#### [Raw data]

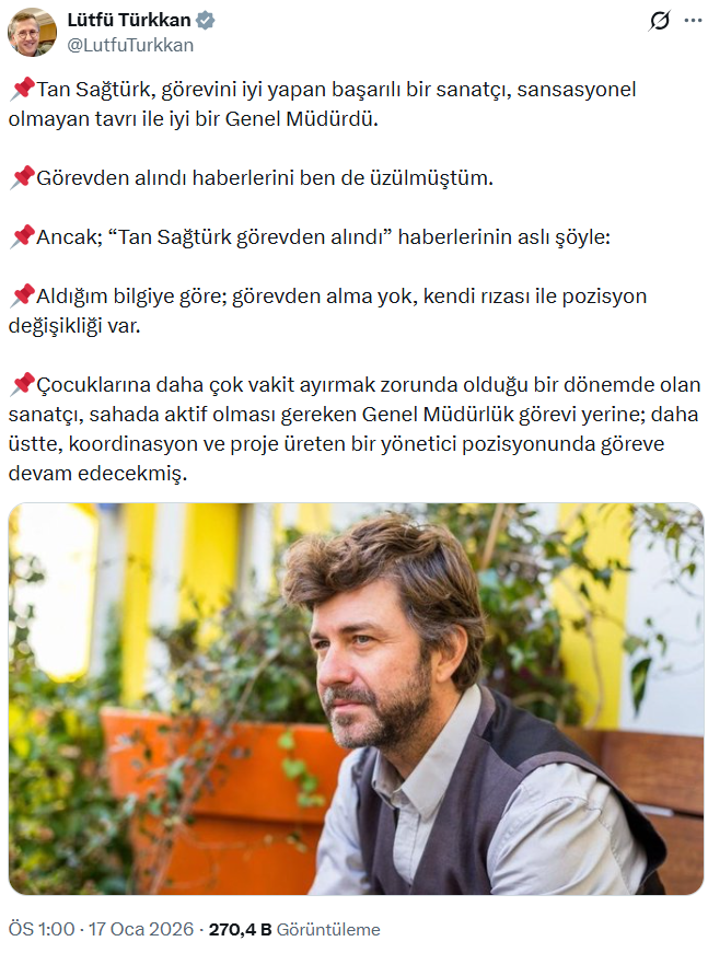 İYİ Parti Kocaeli Milletvekili Lütfü Türkkan, Tan Sağtürk’ün misyon değişikliğine dair toplumsal medya hesabından paylaşım yaptı.
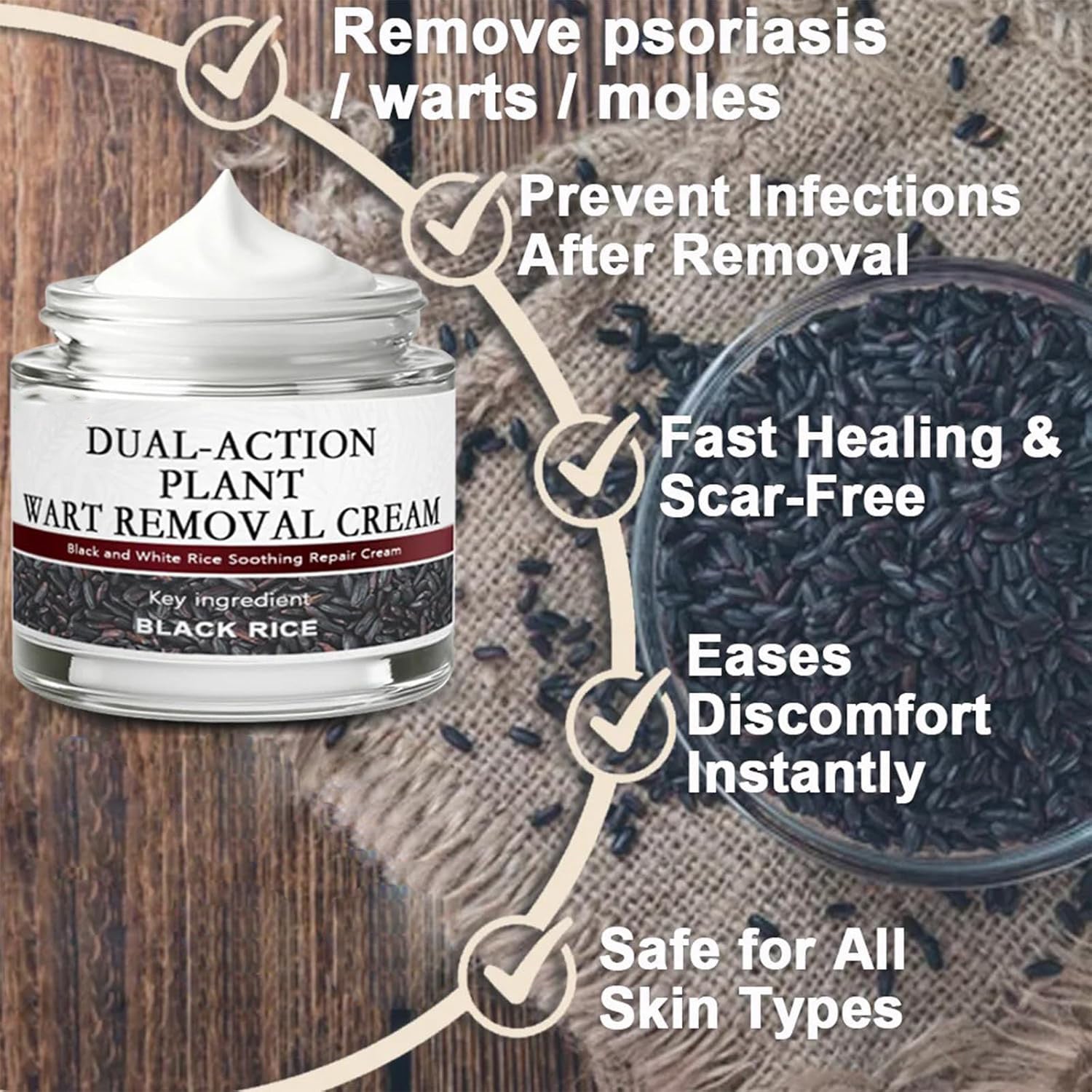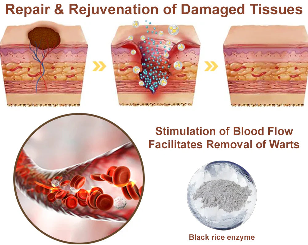Black rice enzyme regulates abnormal skin cells: it boosts metabolism of overgrown keratinocytes, induces their natural breakdown (apoptosis), and gently dissolves wart tissue. This causes warts/skin tags to shrink, dry up, and fall off naturally—without damaging healthy skin.
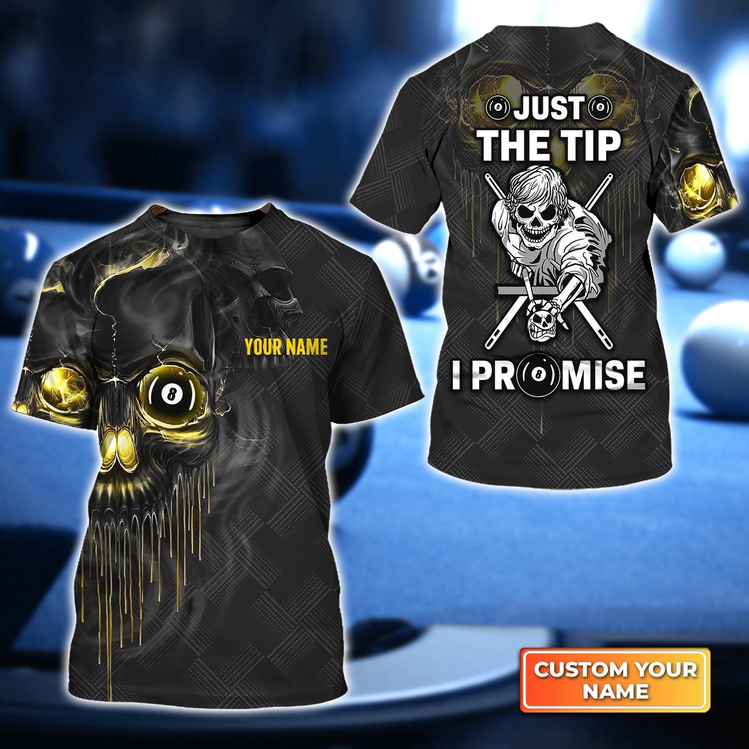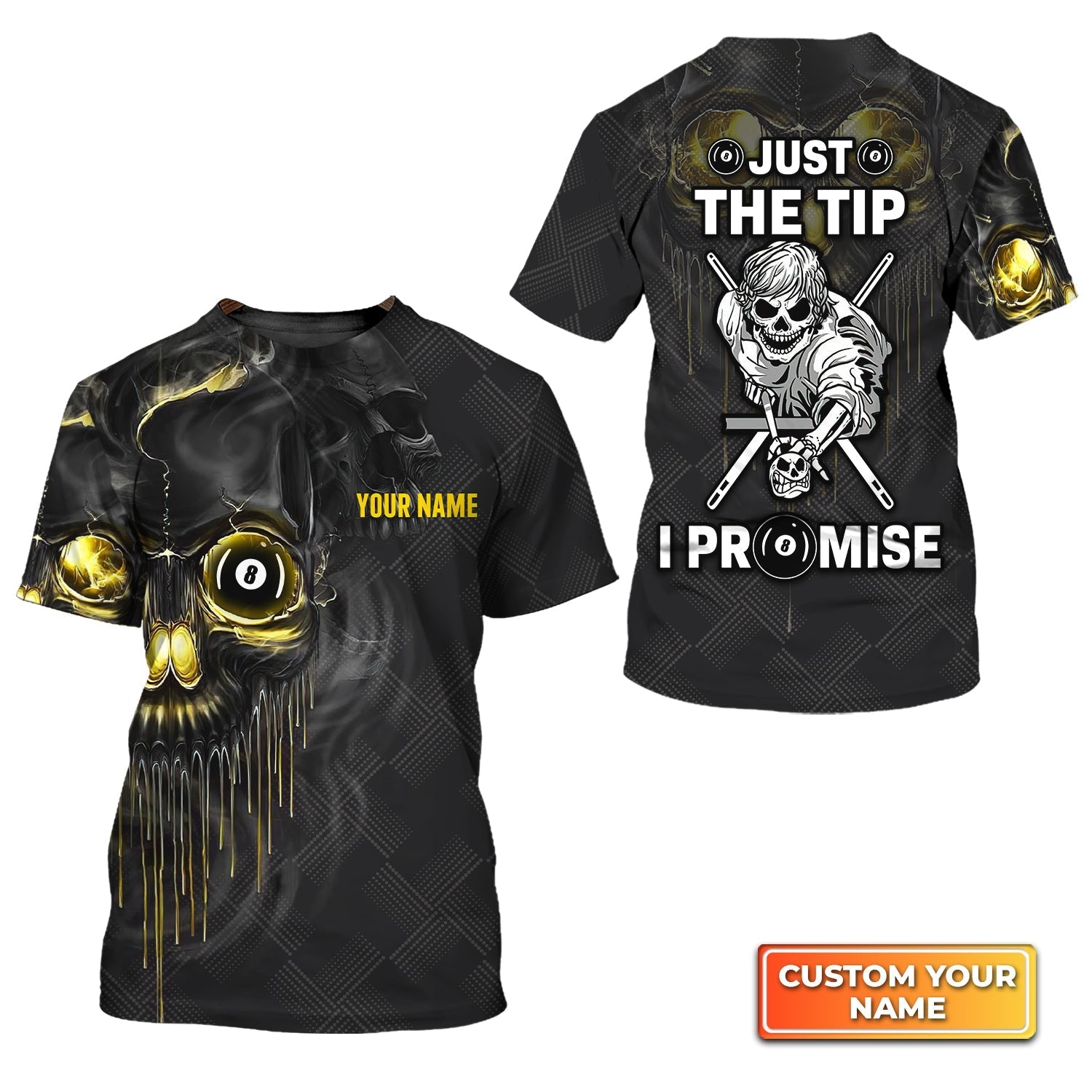 Black Skull Just The Tip I Promise Personalized Name 3D Tshirt Gift For Billiard Players

#### [Try it]
Copy the material above in full and exactly, skipping pictures.

#### [Reply]
 İYİ Parti Kocaeli Milletvekili Lütfü Türkkan, Tan Sağtürk’ün misyon değişikliğine dair toplumsal medya hesabından paylaşım yaptı.
Black rice enzyme regulates abnormal skin cells: it boosts metabolism of overgrown keratinocytes, induces their natural breakdown (apoptosis), and gently dissolves wart tissue. This causes warts/skin tags to shrink, dry up, and fall off naturally—without damaging healthy skin.
 Black Skull Just The Tip I Promise Personalized Name 3D Tshirt Gift For Billiard Players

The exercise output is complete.